About this exercise — Any pictures in the records below should be skipped; write out everything else exactly.

Exercise materials —

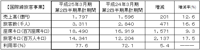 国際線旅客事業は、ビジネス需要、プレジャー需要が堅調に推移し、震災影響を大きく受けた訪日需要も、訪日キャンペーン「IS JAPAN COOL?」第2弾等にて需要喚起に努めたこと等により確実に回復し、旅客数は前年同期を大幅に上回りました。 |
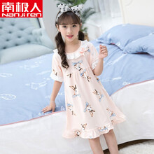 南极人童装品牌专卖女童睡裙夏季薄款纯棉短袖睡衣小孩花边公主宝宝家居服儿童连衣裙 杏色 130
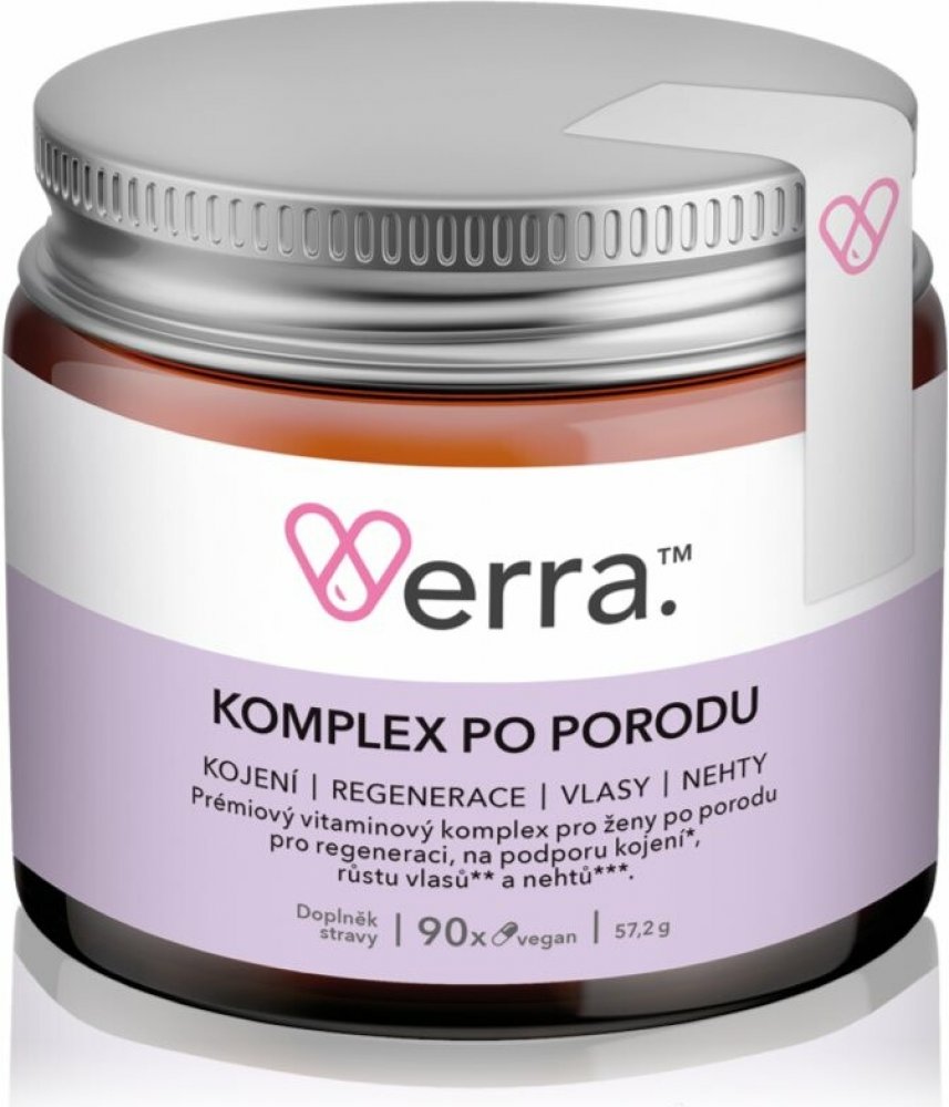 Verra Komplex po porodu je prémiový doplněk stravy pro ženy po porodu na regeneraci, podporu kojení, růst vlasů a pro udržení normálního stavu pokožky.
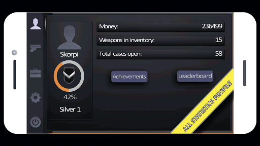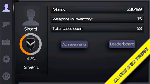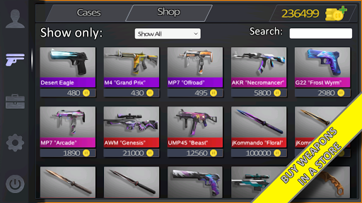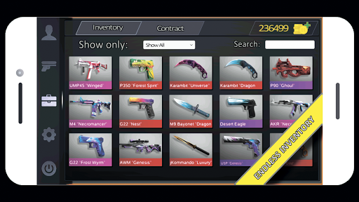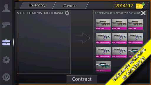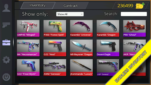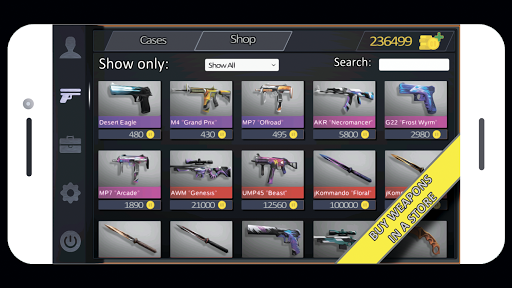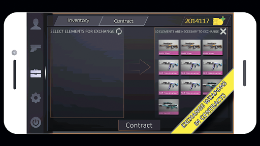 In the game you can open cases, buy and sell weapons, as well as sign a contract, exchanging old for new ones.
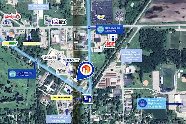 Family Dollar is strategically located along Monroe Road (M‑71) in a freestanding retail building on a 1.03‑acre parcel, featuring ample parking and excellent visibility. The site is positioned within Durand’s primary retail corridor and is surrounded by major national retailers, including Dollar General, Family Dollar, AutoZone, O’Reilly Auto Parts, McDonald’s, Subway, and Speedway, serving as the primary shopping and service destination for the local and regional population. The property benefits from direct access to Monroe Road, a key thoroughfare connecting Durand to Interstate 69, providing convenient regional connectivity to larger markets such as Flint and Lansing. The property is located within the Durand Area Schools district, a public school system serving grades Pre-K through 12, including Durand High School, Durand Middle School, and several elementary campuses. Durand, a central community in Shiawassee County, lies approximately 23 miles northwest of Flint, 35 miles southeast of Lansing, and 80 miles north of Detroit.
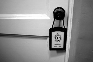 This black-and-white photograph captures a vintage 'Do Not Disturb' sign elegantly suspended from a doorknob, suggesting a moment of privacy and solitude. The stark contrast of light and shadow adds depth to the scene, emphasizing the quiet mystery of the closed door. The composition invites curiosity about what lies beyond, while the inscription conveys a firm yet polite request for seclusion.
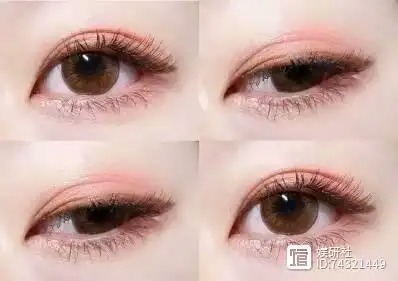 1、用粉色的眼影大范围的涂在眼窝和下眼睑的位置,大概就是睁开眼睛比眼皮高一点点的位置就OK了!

Expected answer —
 国際線旅客事業は、ビジネス需要、プレジャー需要が堅調に推移し、震災影響を大きく受けた訪日需要も、訪日キャンペーン「IS JAPAN COOL?」第2弾等にて需要喚起に努めたこと等により確実に回復し、旅客数は前年同期を大幅に上回りました。 |
 南极人童装品牌专卖女童睡裙夏季薄款纯棉短袖睡衣小孩花边公主宝宝家居服儿童连衣裙 杏色 130
 Verra Komplex po porodu je prémiový doplněk stravy pro ženy po porodu na regeneraci, podporu kojení, růst vlasů a pro udržení normálního stavu pokožky.
 In the game you can open cases, buy and sell weapons, as well as sign a contract, exchanging old for new ones.
 Family Dollar is strategically located along Monroe Road (M‑71) in a freestanding retail building on a 1.03‑acre parcel, featuring ample parking and excellent visibility. The site is positioned within Durand’s primary retail corridor and is surrounded by major national retailers, including Dollar General, Family Dollar, AutoZone, O’Reilly Auto Parts, McDonald’s, Subway, and Speedway, serving as the primary shopping and service destination for the local and regional population. The property benefits from direct access to Monroe Road, a key thoroughfare connecting Durand to Interstate 69, providing convenient regional connectivity to larger markets such as Flint and Lansing. The property is located within the Durand Area Schools district, a public school system serving grades Pre-K through 12, including Durand High School, Durand Middle School, and several elementary campuses. Durand, a central community in Shiawassee County, lies approximately 23 miles northwest of Flint, 35 miles southeast of Lansing, and 80 miles north of Detroit.
 This black-and-white photograph captures a vintage 'Do Not Disturb' sign elegantly suspended from a doorknob, suggesting a moment of privacy and solitude. The stark contrast of light and shadow adds depth to the scene, emphasizing the quiet mystery of the closed door. The composition invites curiosity about what lies beyond, while the inscription conveys a firm yet polite request for seclusion.
 1、用粉色的眼影大范围的涂在眼窝和下眼睑的位置,大概就是睁开眼睛比眼皮高一点点的位置就OK了!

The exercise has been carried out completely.